Hamilton Stuns in Mexico

Unlike driving European race circuits, the Autódromo Hermanos Rodríguez is a peculiarity. At 6,500 feet above sea level, the thin air has an effect on the driving that the F1 teams don’t experience anywhere else on the calendar. At that altitude the air is thin, meaning less power for the engines, and downforce having less effect. The cars run Monaco levels of downforce on a track that has top speeds of circa 225mph. This result is that teams with the stronger aero-package will have the legs on the teams that are engine dependent. And that’s what we saw in qualifying, with Max Verstappen’s Honda-powered Red Bull taking a stunning pole from Charles Leclerc’s Ferrari.

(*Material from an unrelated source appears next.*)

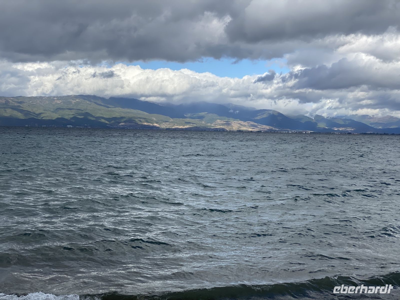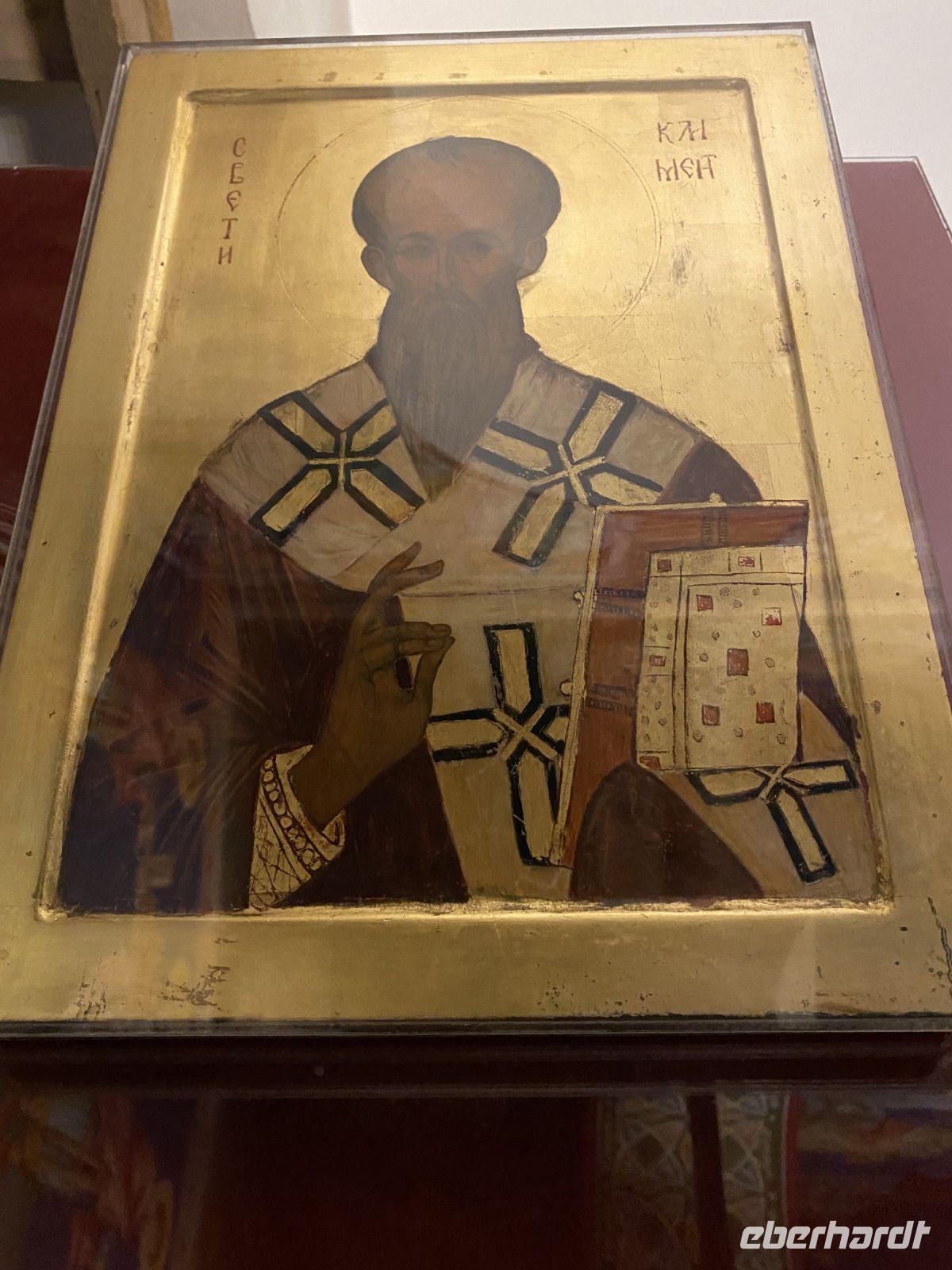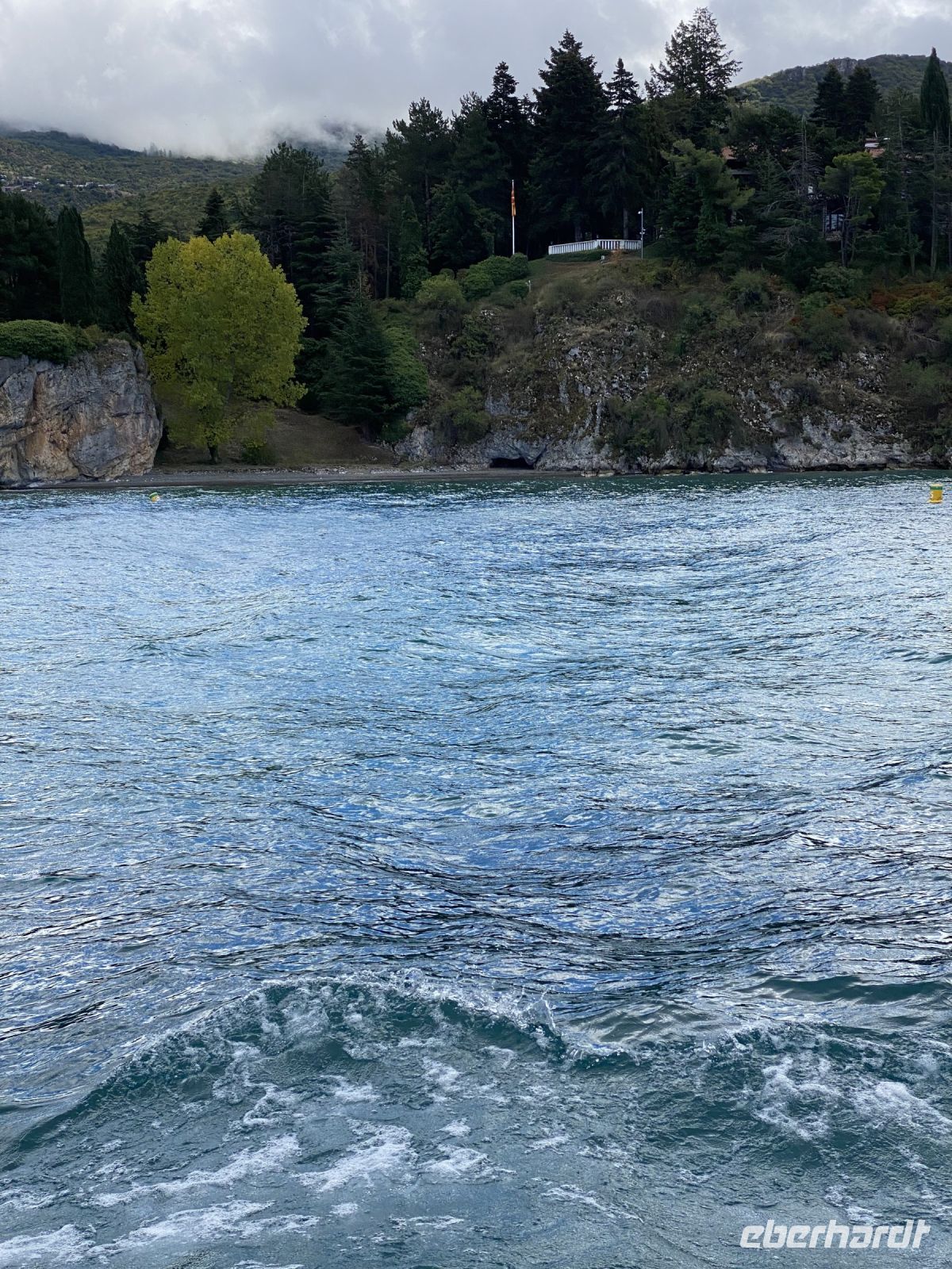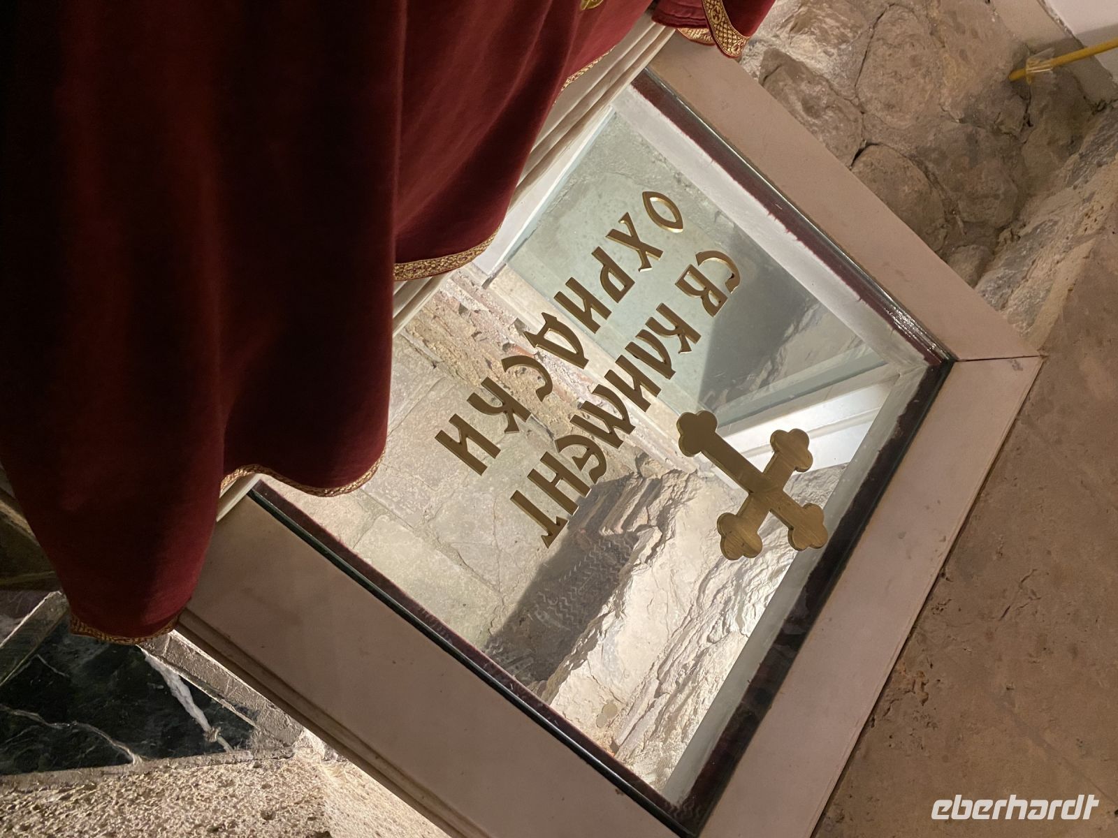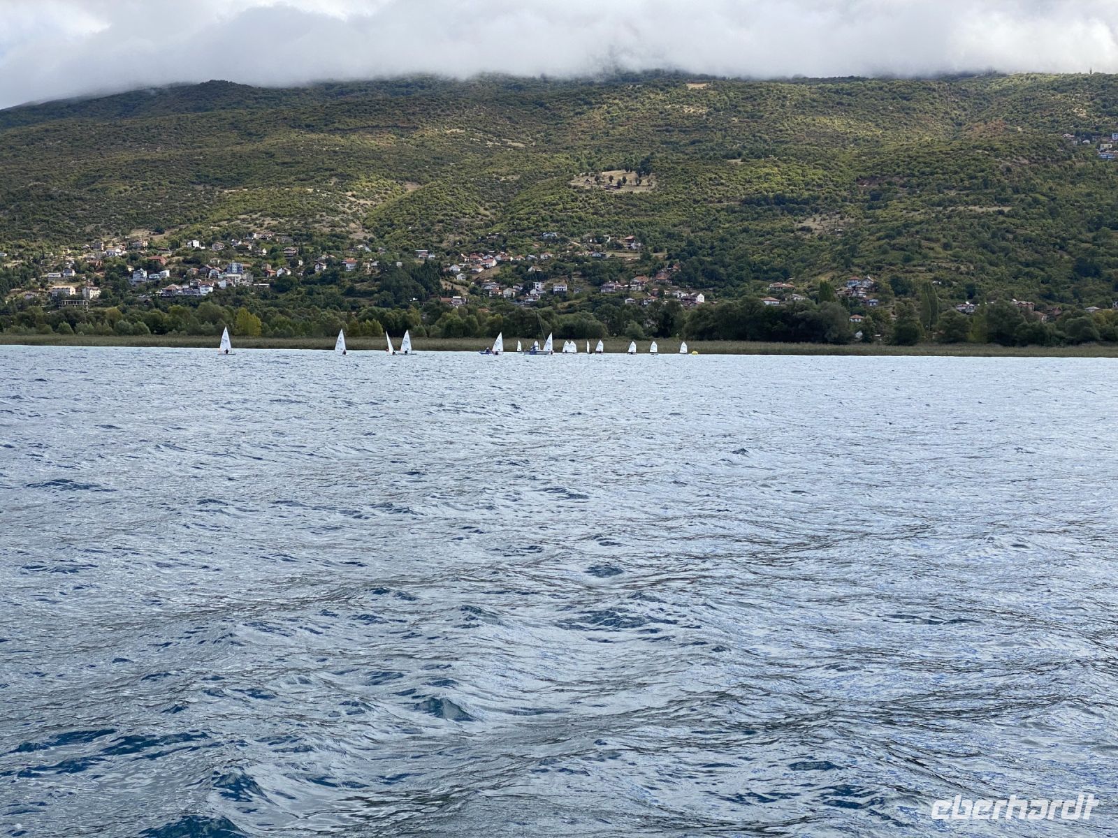Noch weiß der Himmel nicht recht ob er lachen oder weinen soll, aber wir stechen dennoch frohgemut in den See und unser Mut wird belohnt, es hellt sich auf und wir können die Fahrt zum Kloster Sv. Naum genießen. Das Kloster beherbergt die sterblichen Überreste des heiligen Naum. Da er zu Lebzeiten als Wunderheiler galt, glaubt man noch heute an seine Kräfte und hofft, nach einer Berührung seines Sarges einen Wunsch erfüllt zu bekommen. Wichtiger als die Wunderkräfte waren Naums Bemühungen um die Schaffung der slawischen Schriftsprache, gemeinsam mit Kyrill und Method entwickelten sie die kyrillischen Buchstaben.

But it was not to be. Verstappen’s fastest lap was scrubbed from the record for not slowing under a yellow-flag, and only his second fastest lap counted, dropping him to 4th on the grid. Not a the most egregious driving infringement, but one that had consequences. Tangling with Lewis Hamilton off the start, and then dropping into the squabbling midfield. His race went from bad to worse when a puncture forced him into an early pitstop, dropping him to the back of the pack. The fact he finished 6th is testament to his prodigious talents.

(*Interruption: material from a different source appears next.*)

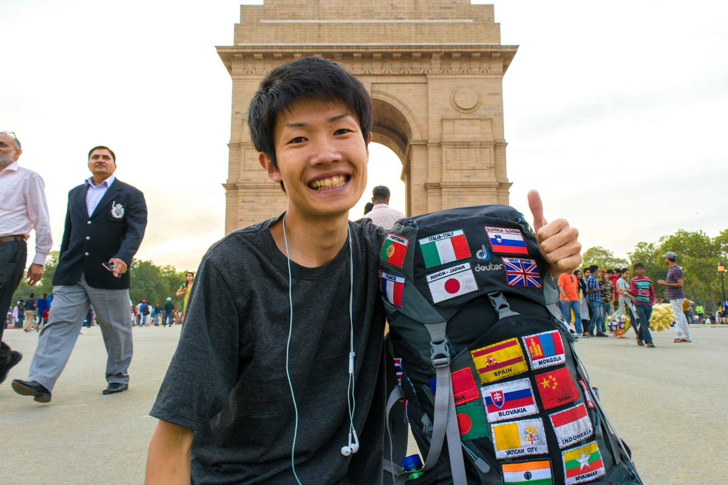 《訪問国の国旗のワッペンを縫い付けたリュックは、今でも愛着のある宝物です( In インド・デリー)》※GMOリサーチにはインドオフィスもあります!
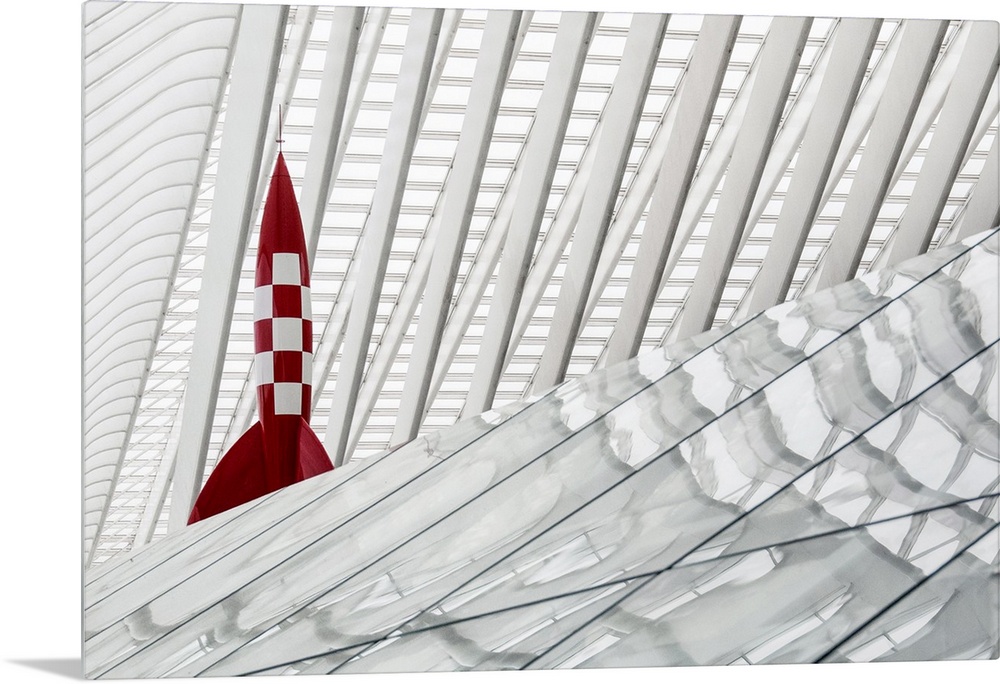 <p>A model of the rocket from the Tintin book series by Herge, seen over a glass roof, Liege, Belgium.</p>

At the sharp-end it was no a 4 horse racing. With the prancing horses splitting their strategies and making life very uncomfortable for the one-stopping Lewis Hamilton, who was forced to drive extremely conservatively. What we hoped and expected to become a grandstand finish, it never materialised. As the quintet of protagonists converged with around 5 laps remaining, the race was effectively neutralised due to their inability to follow each other closely enough. All in all, a great race, but missing the killer punch we thought it had promised.